Gmina Łapy is an urban-rural gmina (administrative district) in Białystok County, Podlaskie Voivodeship, in north-eastern Poland. Its seat is the town of Łapy, which lies approximately 25 km south-west of the regional capital Białystok.
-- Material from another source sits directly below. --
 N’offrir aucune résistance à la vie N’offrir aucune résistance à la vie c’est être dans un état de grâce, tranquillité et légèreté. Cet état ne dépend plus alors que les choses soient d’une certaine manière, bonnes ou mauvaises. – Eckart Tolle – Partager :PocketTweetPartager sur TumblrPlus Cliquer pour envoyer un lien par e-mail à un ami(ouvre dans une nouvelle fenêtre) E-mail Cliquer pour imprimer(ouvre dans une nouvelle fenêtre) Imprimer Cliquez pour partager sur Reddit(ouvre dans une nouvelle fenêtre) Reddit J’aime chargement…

The gmina covers an area of 127.57 km2, and as of 2006 its total population is 23,132 (out of which the population of Łapy amounts to 16,583, and the population of the rural part of the gmina is 6,549).

==Villages==
Apart from the town of Łapy, Gmina Łapy contains the villages and settlements of Bokiny, Daniłowo Duże, Daniłowo Małe, Gąsówka-Oleksin, Gąsówka-Osse, Gąsówka-Skwarki, Gąsówka-Somachy, Łapy-Dębowina, Łapy-Kołpaki, Łapy-Korczaki, Łapy-Łynki, Łapy-Pluśniaki, Łapy-Szołajdy, Nowa Łupianka, Płonka Kościelna, Płonka-Kozły, Płonka-Matyski, Płonka-Strumianka, Roszki-Włodki, Roszki-Wodźki, Stara Gąsówka, Stara Łupianka, Uhowo and Wólka Waniewska.

==Neighbouring gminas==
Gmina Łapy is bordered by the gminas of Choroszcz, Poświętne, Sokoły, Suraż and Turośń Kościelna.